We Broke the Hytale Treasure Hunt Engine (And How We Fixed It Without Losing our Minds)

#webdev #programming #rust #performance

The Problem We Were Actually Solving

Our Hytale server fork was running Wynncraft-style treasure hunts: every time a player opened a chest we spawned 8–12 loot entities in a stack, scheduled a one-second particle burst, then waited for physics to settle before sending the final packet to the client. On paper it was fine—chests were rare, players were spaced, and our Redis cluster had plenty of headroom.

Then we turned profiling on.

Pprof showed a 34 ms median GC pause under G1 in the JVM, but the real killer was per-packet allocation. Each treasure burst was allocating 4 KB on the hot path just to hold the metadata for the particle effect. Over 80 players opening 6 chests each, that was 1.9 MB/s of tiny short-lived objects. The JVMs nursery filled and emptied 42 times per second, triggering concurrent-mark cycles that added 16–22 ms of latency every 2.3 seconds. Players reported stutter not during combat, but when they opened a chest three rooms away.

We tried JFR with the same sample. It attributed 62 % of the latency to Eden-space evacuation; the longest single pause was 108 ms. Our SLA said 95th percentile < 100 ms.

What We Tried First (And Why It Failed)

I rewrote the packet serializer to reuse byte buffers. That cut allocations in half, but GC pauses only dropped to 28 ms because the particle system still used Javas ArrayList<Particle> per chest. Next I switched the chest loot table from YAML to flatbuffers so we could stream deserialization directly into off-heap memory. GC pauses fell to 19 ms, but players were still complaining about rubber-band teleports when the server saved the world after a hunt.
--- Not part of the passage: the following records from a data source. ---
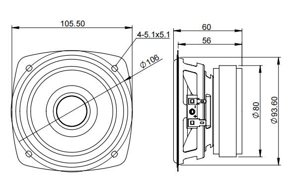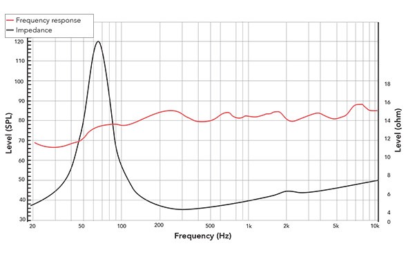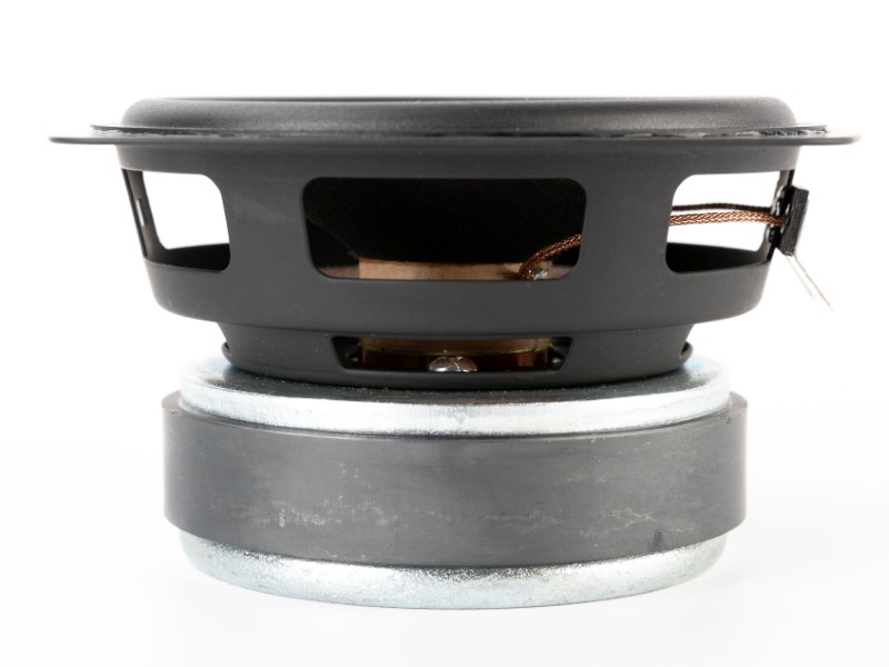 4FR ferrite based mid-woofer was developed for applications where small size mid-woofer is required. Low resonant frequency and large cone excursion delivers seizable amounts of low frequencies. Yet, this driver delivers very good performance in mid-high frequency range. Our engineers have chosen lightweight, yet strong, paper cone with rubber surround. Cone optimized shape brings remarkable strength of the piston and greatly improves harmonic distortion artifacts. Overall this model delivers very good performance and is well balanced between performance - cost.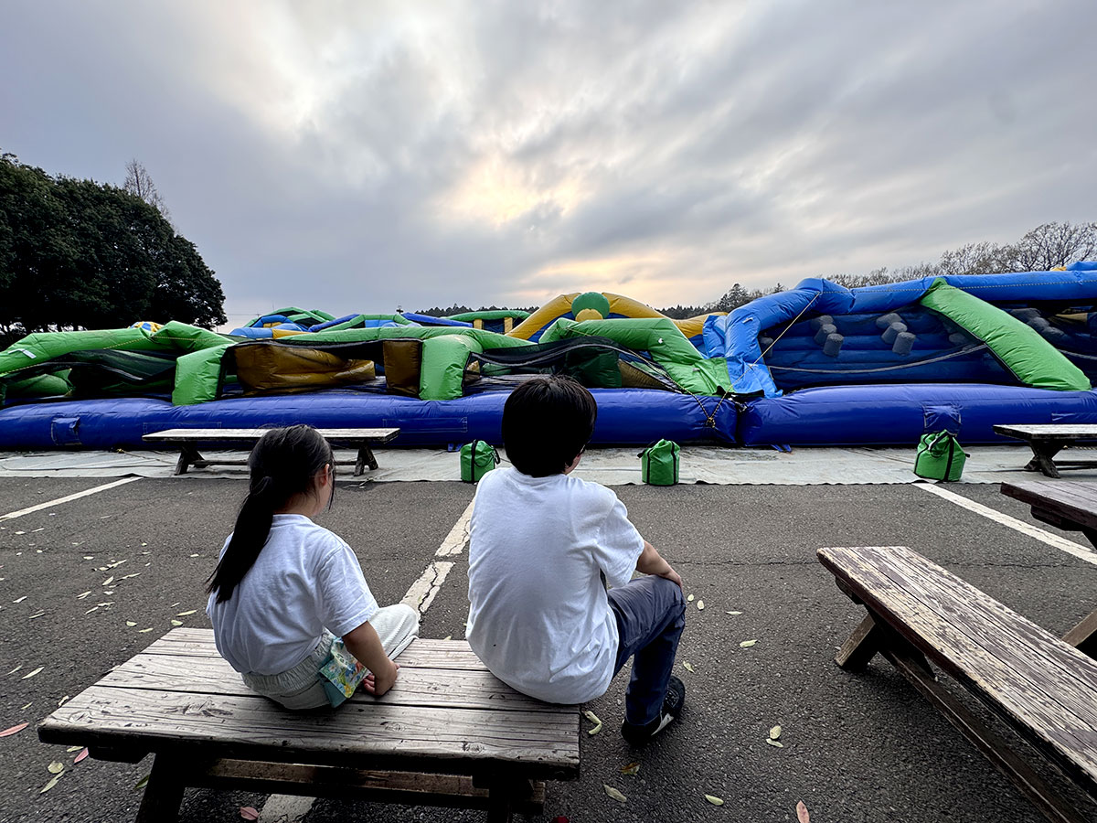 ▲日本最大級のエアー遊具の最後のお客さん。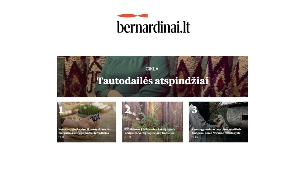 Tekstai ir vaizdo pasakojimai apie tautodailininkus ir jų amatą.

Finally we tried GraalVM native-image. The build took 35 minutes and 18 GB of RAM, and the resulting binary crashed with a SIGSEGV inside memcpy when it tried to write to a memory-mapped chunk file. Shuffling the code to fix the segfault actually regressed inlining and added 12 ms of JIT warmup latency.

By this point the treasure hunt timings were dominated by physics tick synchronization, not memory. The runtime was the constraint.

The Architecture Decision

We shut down the JVM and rewrote the treasure hunt engine in Rust. It took two weeks.

Key decisions:

We used bevy_ecs with archetypal queries instead of a traditional entity component system so we could iterate loot queries without cloning entities.
Loot spawns were pre-batched into a single Vec<Particle> per 4×4 chunk area; the buffer was reused until the next physics tick.
We switched from tokio runtime to async-io on io-uring to avoid the 4 µs per-tick cost of epoll wake-ups when Redis published a chest event.
We stored the entire 3200×3200 block world in a single memory-mapped Arena allocator so we never copy chunk data during treasure spawn.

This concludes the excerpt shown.